What's interesting is how focused on girls and young women things have become. Nobody is suggesting making a film of The Boy who Learned to Shiver, or The Tinderbox; fairy tales are for girls. Marina Warner's Fairy Tale: A Short History, notes that in the last thirty years the form has become more and more focused on the female, to the extent nothing is aimed at boys at all. I admit this saddens me, I like Fairy Tales and think they're quite magical. One of my favourite poems is Neil Gaiman's Instructions; Company of Wolves gets a regular viewing at our house.

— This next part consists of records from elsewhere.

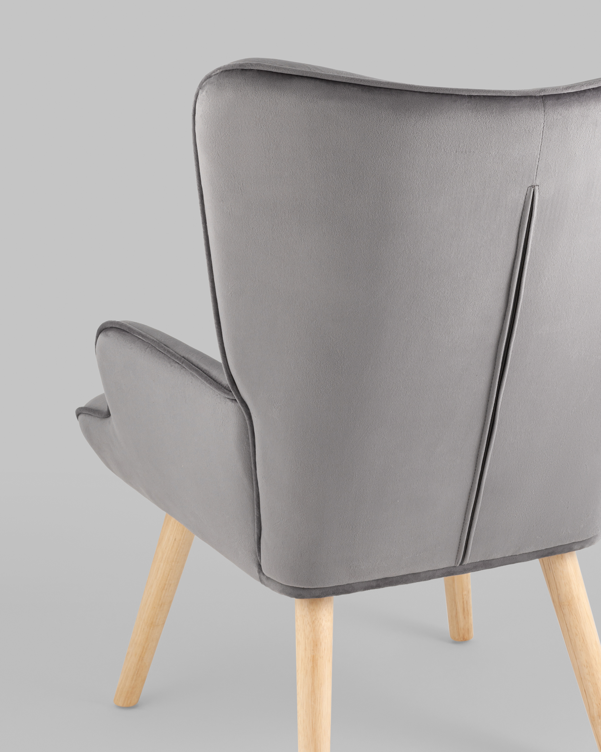 Кресло Хью серый обивка велюр с ножки массив дерева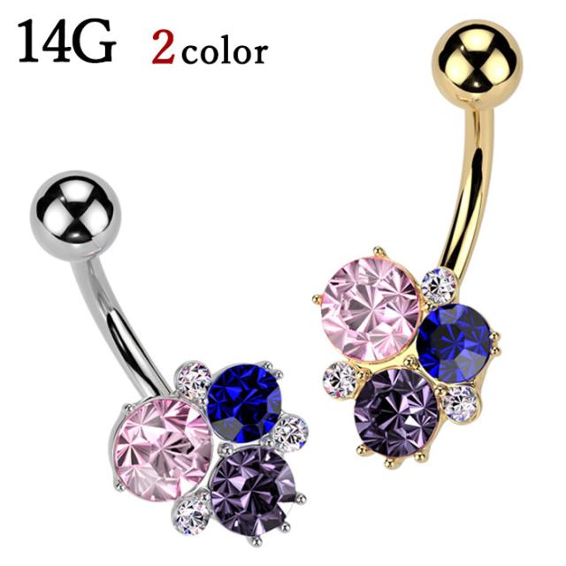 ヘソピアス 14G バナナバーベル マルチカラー ジェム ジュエル クラスター ジュエリー ボディピアス へそピ ボディーピアス ボディピ 316L サージカル ステンレス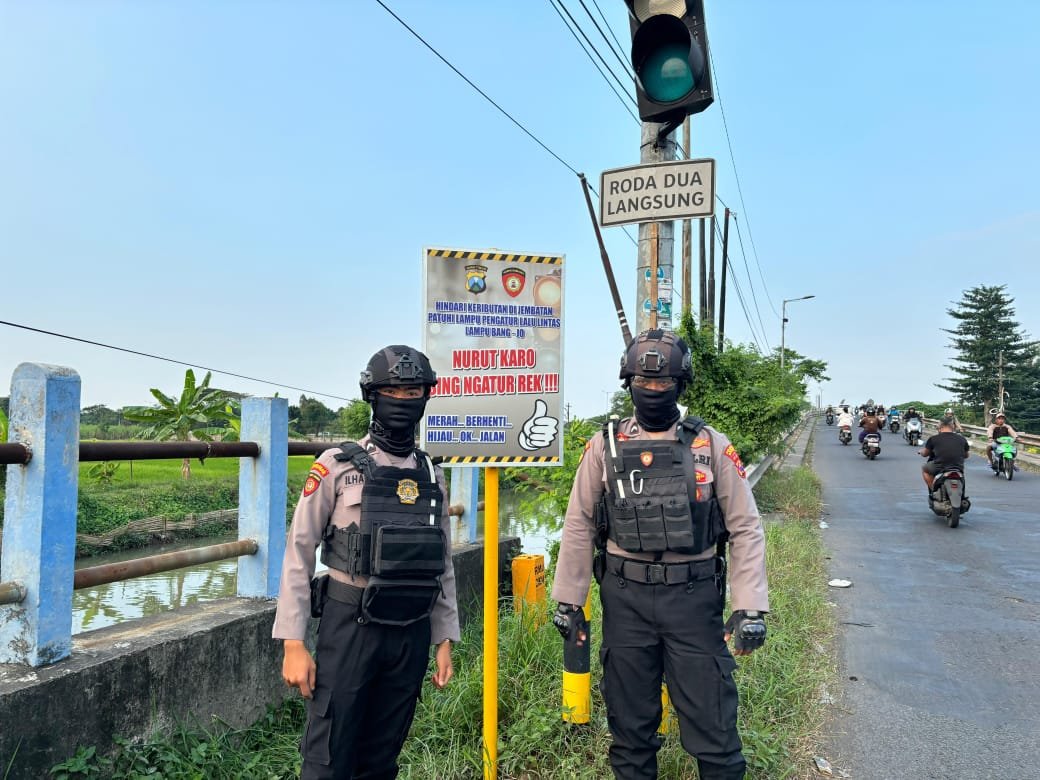 Tampak anggota Sat Samapta Polresta Sidoarjo bersama Polsek Sukodono dan Polsek Buduran, Rabu (10/7/2024), memasang banner imbauan bagi para pengendara.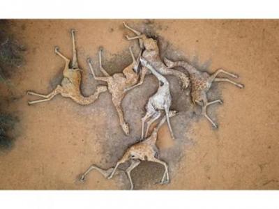वजीर में साबुली वन्यजीव संरक्षण के अंदर छह जिराफ मृत पड़े हुए हैं। यह तस्वीर कथित तौर पर भोजन और पानी की कमी से कमजोर जिराफ के मरने के बाद ली गई है। तस्वीर 10 दिसंबर को ली गई थी। अल जज़ीरा के अनुसार, केन्या के अधिकांश उत्तर में सितंबर के बाद से सामान्य वर्षा के 30 प्रतिशत से भी कम बारिश हुई है, जिससे इस क्षेत्र में भयंकर सूखा पड़ा है।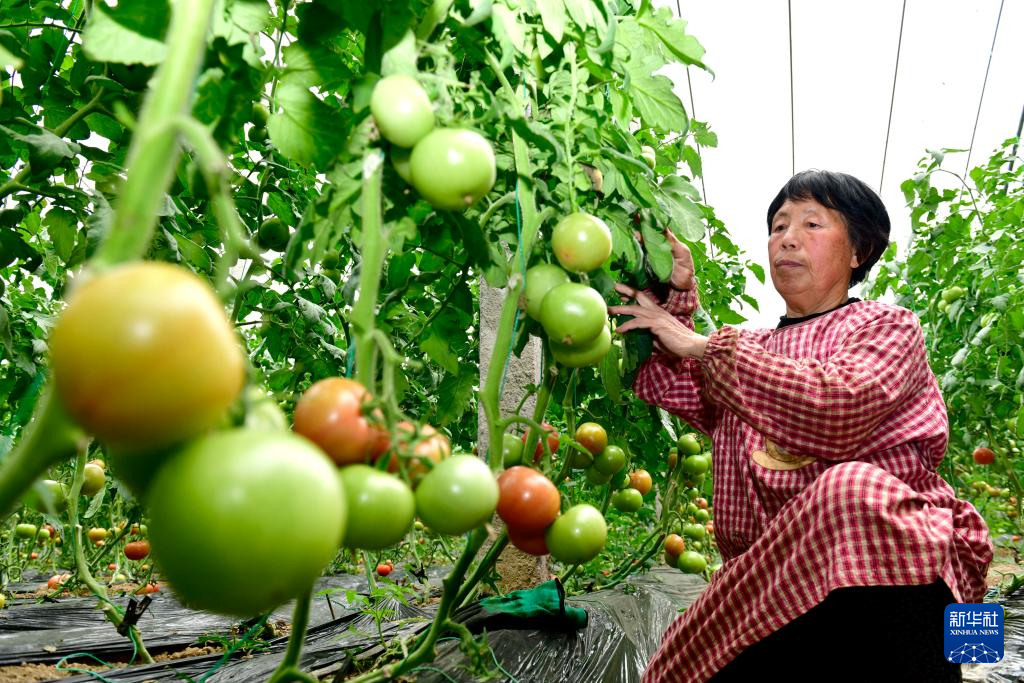 3月13日,在菏泽市郓城县张营街道,农民在设施大棚里打理西红柿。

This begs the question, what do boys have now that fills this gap? I know there's a wide range of media that's targeted at young males, from Saturday morning cartoons to superhero films. I'm aware too, that girls and young women are more than happy to claim them for their own, and without the unfortunate overtones that have accompanied young men adopting My Little Pony: Friendship is Magic. I'm not going to judge either group; fair play to them if that's what gets them through the day. My concern though, is that the things that fairy tales teach are perhaps missing from boys' lives now. Does a superhero film fill the same space that the fairy tale does? It might teach about being resourceful, about standing up to bad things, even about realising when something is a monster that needs to be defeated; having seen Antman recently, I think those themes are present within that film, so are they simply repackaged for a world where boys largely view fantasy with suspicion?
What concerns me here, is that at the end of the day the solutions in superhero films boil down to violence, to hitting and punching until your problem is defeated. They are no more revolutionary than the fairy tale films. Both genres are serving to further the socialisation process begun by the Grimms. Add to that a culture that increasingly embraces toxic masculinity and femininity, whether that's pink everything or boys clothing that glamourises violence and war and it seems as if the split between the sexes is growing larger and more pronounced.